Afandi somasi manajemen Persebaya

rachmat afandi

KANALSATU – Klub Persebaya yang berlaga di Liga 2, baru saja memutus kontrak dengan Rachmat Afandi. Merasa dipecat, Afandi langsung mensomasi manajemen Persebaya.

Fandi, demikian panggilan akrabnya melayangkan somasi pada 3 Mei lalu, melalui pengacaranya Muslikin. “Saya merasa dirugikan karena diputus sepihak oleh manajemen,” ungkap Fandi, Senin (8/5).

Fandi diputus sepihak oleh manajemen Persebaya, lantaran cedera yang ia alami ketika membela Persebaya di Piala Dirgantara. Apalagi, selama ini Persebaya dianggap tidak bertanggung jawab, terkait semua biaya pengobatan cedera lutut kirinya ditanggung sendiri oleh Fandi.  

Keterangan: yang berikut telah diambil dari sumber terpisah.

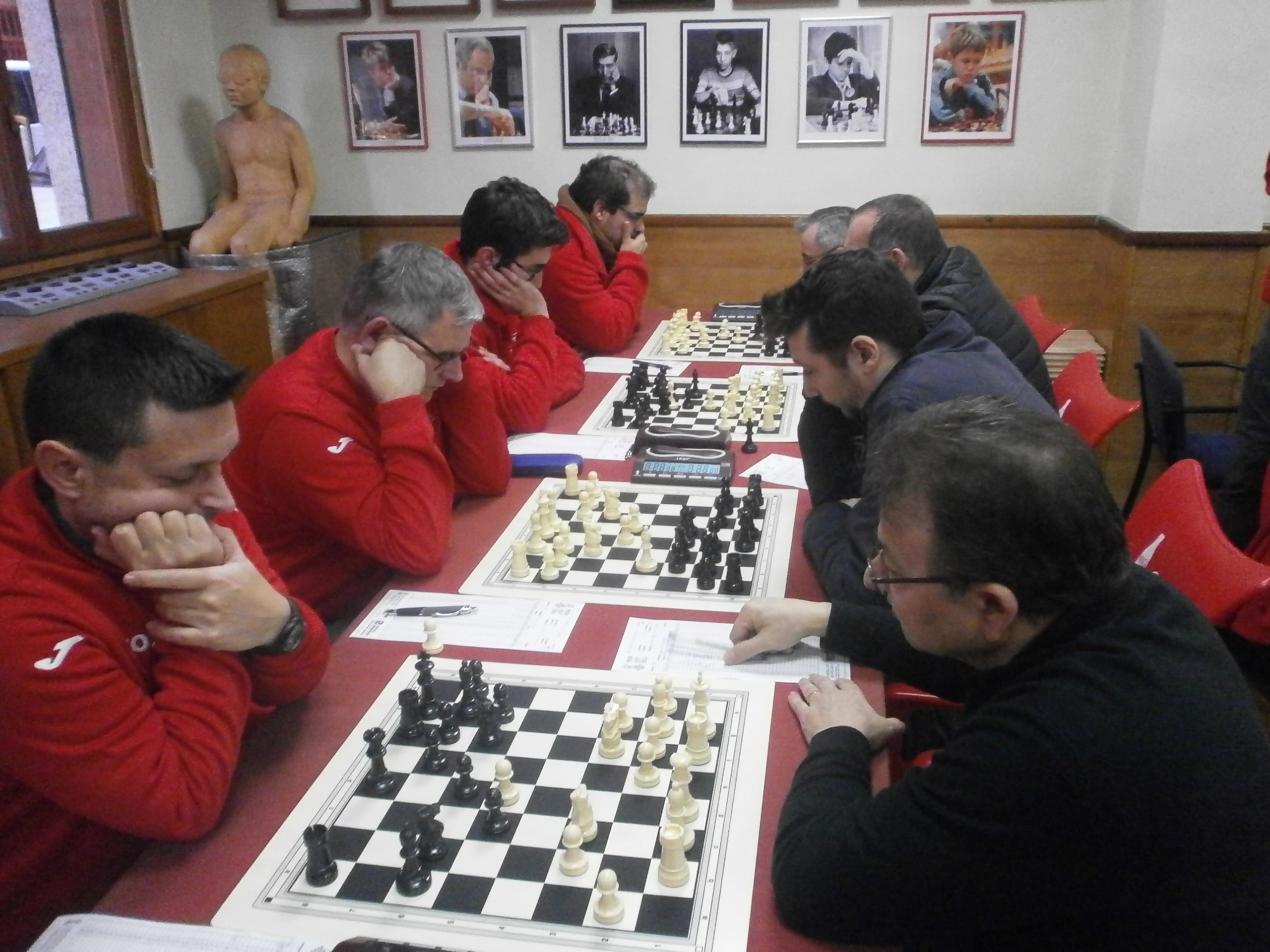 L’encontre està igualat, perquè Noelia va molt mal i Nodar també, un poc més de temps i serà segur que empatem l’encontre. Queda David, Santi i Paco ( a este no cal ni mirar-lo, perquè segur que farà taules) per definir el resultat final. David comença a liar-la, Santi va millor però no acaba de saber com, el rival també està correctament situat i té les seues opcions, i com sol ser normal en estes situacions, empat, ningú sap com guanyar ( si es que hi havia alguna forma) i deixa ara el marcador en un empat a 3.
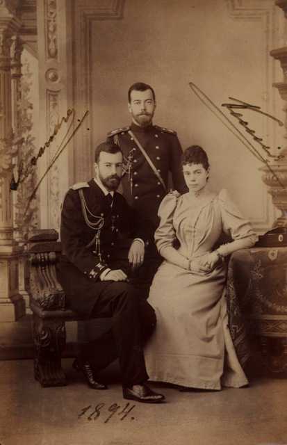 Великая княгяня Ксения Александровна с мужем великими князем Александром Михайловичем и братом, Николаем Вторым, 1894 г. (© Hotel des Ventes)

“Saya sudah melayangkan somasi pertama ke Persebaya, terkait pemutusan kontrak. Mereka bilang karena cedera saya. Padahal pemulihan cedera saya biayai sendiri,” sambung Fandi.

Sampai saat ini, manajemen Persebaya belum menanggapi somasi yang ia layangkan. Untuk itu, ia menyerahkan sepenuhnya kepada pengacaranya. Melalui Muslikin selaku pengacaranya, Fandi memaparkan alasannya, tuntutannya, maupun langkah-langkah yang akan ditempuh ke depannya.

Selanjutnya, Muslikin rencananya akan melayangkan somasi kedua, bila tidak segera ditanggapi oleh manajemen Persebaya. Dan akan disusul somasi ketiga, atau yang terakhir sebelum mengambil upaya hukum.

Sementara itu, manajemen Persebaya belum bersedia memberikan jawaban mengenai somasi tersebut. Manajer Persebaya Choesnoel Faried pun menolak berkomentar. Ia menyebutkan, saat ini manajemen Persebaya masih fokus menyiapkan tim guna menghadapi Persepam Madura Utama pada 11 Mei mendatang. “Maaf kami tidak bisa berkomentar dulu. Nanti setelah pertandingan lawan Persepam baru kami memikirkan yang lain,” katanya. (win16).